One of the owners of the SS Savannah was William Scarbrough, whose home now provides the museum with its beautiful and useful location. Built in 1819, it reflects one of the earliest examples of Southern Greek Revival style. A tour of the museum means a tour of one of Savannah’s finest old residences and a true taste of the seafaring South.
The Ships of the Sea Maritime Museum house and grounds provide a venue for many social and historical events throughout the year. Historic and cultural programs can be experienced, and it also is a venue for private events.
The beautiful gardens and outdoor areas are accommodating and the old home with its museum provides the company of centuries influence of Savannah’s society. Whether you are fascinated by history, appreciate the old home or simply wish to escape into another age, the Ships of the Sea Maritime Museum located in Savannah’s historic Scarbrough House will be well worth a visit.
The Ships of the Sea Maritime Museum is located at 41 Martin Luther King Jr.

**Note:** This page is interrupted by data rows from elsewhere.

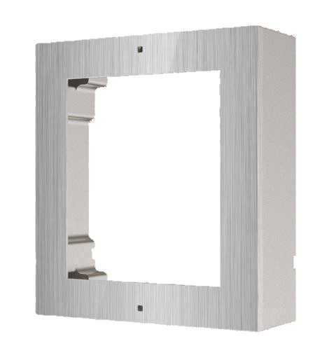 Povrchový instalační rámeček pro 1 modul, nerez, možnost instalace více rámečků vedle sebe, rozměry 117 x 107 x 37 mm, určeno pro IP systém i 2-vodičový systém.
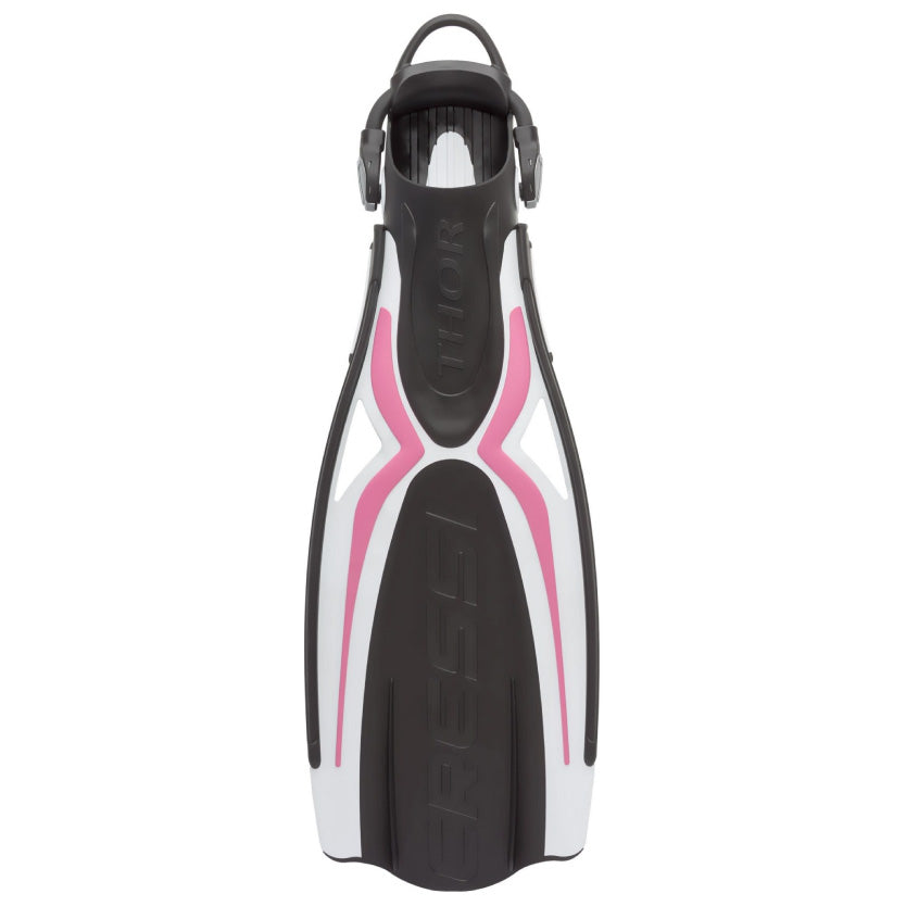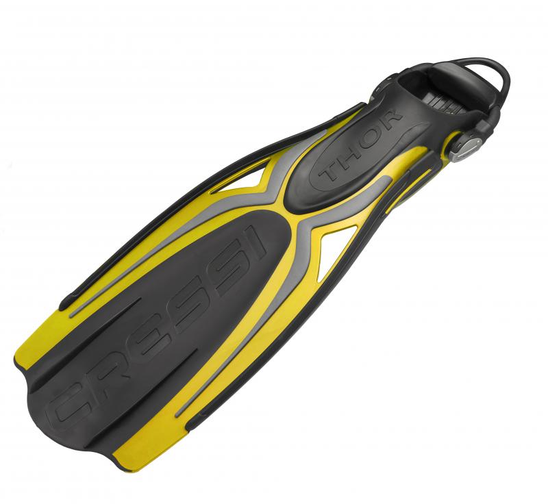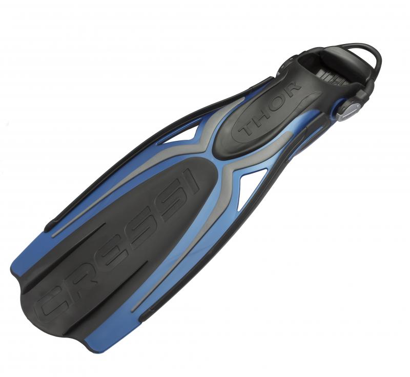 Innovative structure combining two central ribs in high modulus polypropylene and a central area of the blade in convex section thermoplastic rubber, assembled in a polypropylene blade | Two side nozzles for discharging the associated negative forces | Channeling and acceleration of water flow, which stabilises and increases propulsion in relation to effort | Blade inclination increased by 5% for greater flapping effectiveness | Medium stiffness | Excellent balance between power and flapping comfort | EBS buckle system with natural latex strap: maximum comfort and energy transmission.
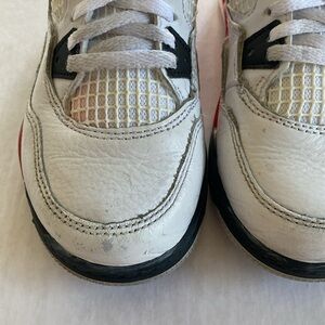 NIKE AIR JORDAN 4 Retro OG Red Cement BQ7669-161 Kid’s Size 12C in good used condition. Minor scuffs on the right toe.
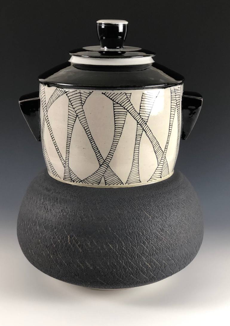 This is one of a series of large covered jars inspired by ritualistic containers and trophies from antiquity. I've done a contemporary interpretation and changed proportions while trying to maintain the power inherent in the piece.
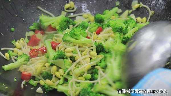 到这里一道清脆爽口的西兰花炒豆芽就做好了。
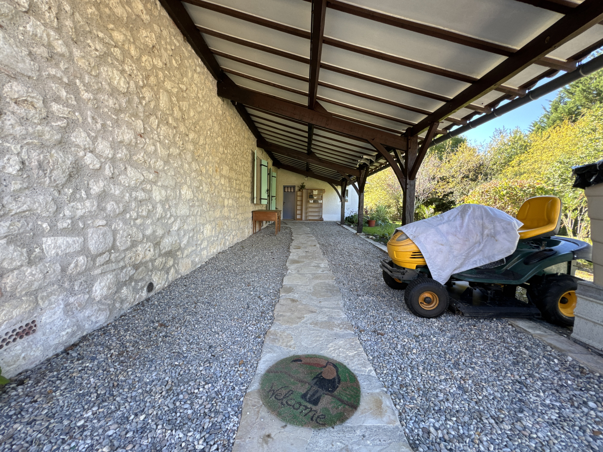 Comprenant une entrée couverte, idéale pour installer une table à l’ombre pour des repas au frais l’été.
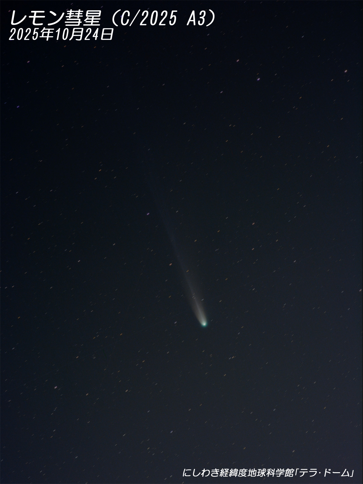 レモン彗星(C/2025 A3) 2025年10月24日 レモン彗星を中望遠レンズで追尾撮影してみました。 緑色のコマと幅広いダストの尾、細く伸びるイオンの尾が伸びているのがわかります。 180mm F=4.0 ISO800 30秒露出を15枚コンポジット 撮影地:日本へそ公園内 撮影者:高原 摂竜(地球科学館) |
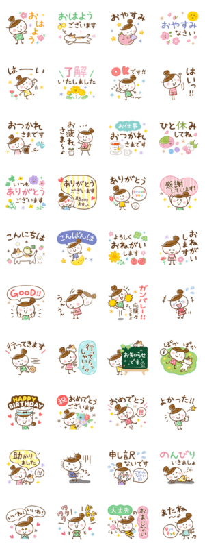 おだんご女子の大人かわいいスタンプです。 日常的に使える挨拶言葉が盛りだくさんです! 春めいたふんわり優しいスタンプになりました♪
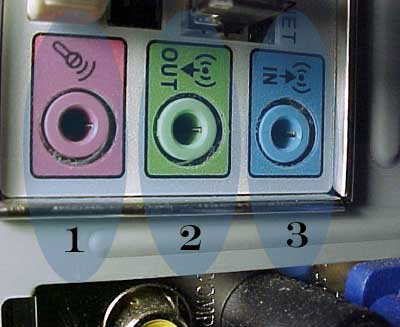 Jack cắm loa hoặc tai nghe ở đây là jack số 2 Tương tự như đối với laptop, các bạn cắm jack tai nghe hoặc loa vào lỗ jack có biểu tượng Out (thông thường nó có màu xanh lá cây), còn jack màu hồng là jack của Microphone.

Blvd. in Savannah.
From South Carolina, take U.S. 17 across the Talmadge Memorial Bridge. Take the first exit to Ogelethorpe Avenue and turn left at the light onto MLK Boulevard. The museum is located just two blocks toward the river. Turn left on Orange Street and enter the parking lot.
The museum and grounds are open year-round from 10 a.m. to 5 p.m. Tuesday through Sunday. The museum is closed on most major holidays.
Admission is $9 for adults and $7 for students. Seniors are $7 and children under 5 are free. There are group rates and other discounts available.